Using variance properties to find the standard deviation of a sample

Question

The question is: The standard deviation of the mean mass of a sample of 2 aubergines is 20 g smaller than the standard deviation in the mass of a single aubergine. Find the standard deviation of the mass of an aubergine.

So, I chose X as the mass of an aubergine, and set up an equation:

$\sqrt{Var(X_1 + X_2)+20}=\sqrt{Var(X)}$

$Var(X_1 + X_2)+20=Var(X)$

$2Var(X)+20=Var(X)$

But then I get a negative value of $Var(X)$. What did I do wrong?

Edit: I realized that since it's a sample, it should be $Var(\frac{X_1 + X_2}{2})$. So I did make an equation like that, assuming $X_1+X_2=2X$. But then again I don't have the answer for some reason.

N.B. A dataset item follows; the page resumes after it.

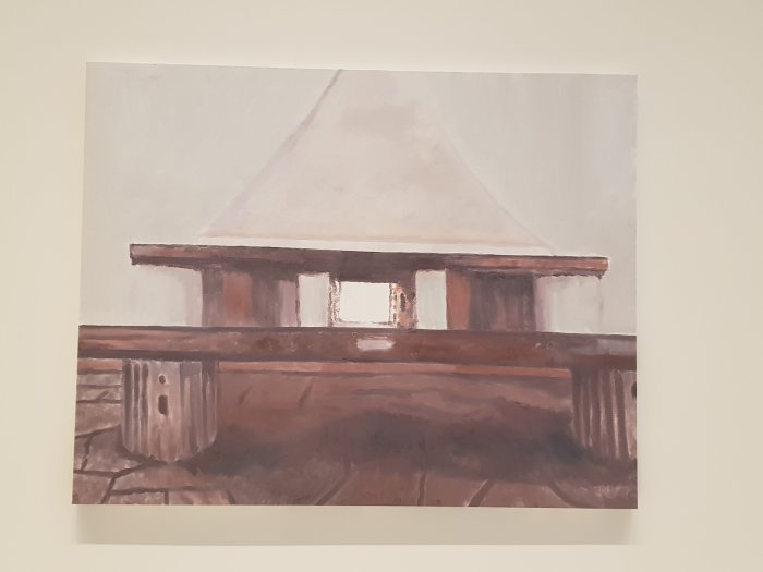 Como foi pintada em 2015, eu não a vira em 2011 em Bruxelas. No vídeo sobre a exposição disponível na página do Palazzo Grassi, Tuymans diz que, se o quadro — pertencente a Mimi Haas, que vive em São Francisco e é viúva de um dos herdeiros da Levi Strauss — não pudesse ter sido cedido para a exposição, ele talvez pintasse nova versão, por causa de sua importância como “significante”. Trata-se de uma simples chaminé, mas carregada de numerosas conotações culturais, históricas e metafóricas. É a chaminé da sala de estar da casa de Curzio Malaparte na ilha de Capri. Malaparte fala nela, rapidamente, em La Pelle, livro lançado em 1949 que empresta seu título à mostra de Luc Tuymans e no qual, como em uma obra anterior, Kaputt, o escritor mistura realidade e ficção. Os dois livros narram situações em parte imaginárias, dentro de eventos bem reais — a II Guerra Mundial em Kaputte, no caso de La Pelle, o período imediatamente posterior à libertação de Nápoles pelas forças aliadas em 1943. Malaparte descreve a decadência moral dos napolitanos, de que participam alguns soldados e oficiais estrangeiros, enquanto outros mantêm a retidão. Mostra que a população, após a guerra, desejava sobreviver a todo custo, sem considerações de princípios, tendo como único objetivo salvar a própria pele. Malaparte e Tuymans revelam ambos a corrupção moral por baixo da superfície — pele no caso do italiano, tela no caso do belga.

$\frac{1}{4}(2)Var(X)+20=Var(X)$

$\frac{1}{2}Var(X)+20=Var(X)$

$\frac{1}{2}Var(X)=20$

$Var(X)=40$

And so the standard deviation would be $\sqrt{40}$. But apparently the answer is 68.3g. Anybody know what I did wrong?

Answer 1

The mean is $\frac{X_1+X_2}{2}$

And $Var\left(\frac{X_1+X_2}{2} \right)=\frac14\cdot (Var(X_1)+Var(X_2))$

Since $X_1$ and $X_2$ are iid, $\frac14\cdot (Var(X_1)+Var(X_2))=\frac{Var(X_1)}2$

Thus the equation $\frac{\sigma_1}{\sqrt 2}+20=\sigma_1$

Therefore $\sigma_1=\sigma_2=20(2+\sqrt 2)\approx 68.28$

Answer 2

Your problems are that the mean mass is $\frac{X_1+X_2}2$, not $X_1+X_2$ and that the equation should be with $+20$ outside the square root:

$$\sqrt{\text{Var}\left(\frac{X_1+X_2}2\right)} +20 = \sqrt{\text{Var}(X)}$$

Answer 3

\begin{align} \sqrt{Var(\bar{X})} + 20 &= \sqrt{Var(X)} \\ \sqrt{Var(X)/2} + 20 &= \sqrt{Var(X)} \\ \sqrt{Var(X)} &= \frac{20}{1-\sqrt{1/2}} = \frac{20\sqrt2}{\sqrt2-1} = 20\sqrt2 (\sqrt2 + 1) \end{align}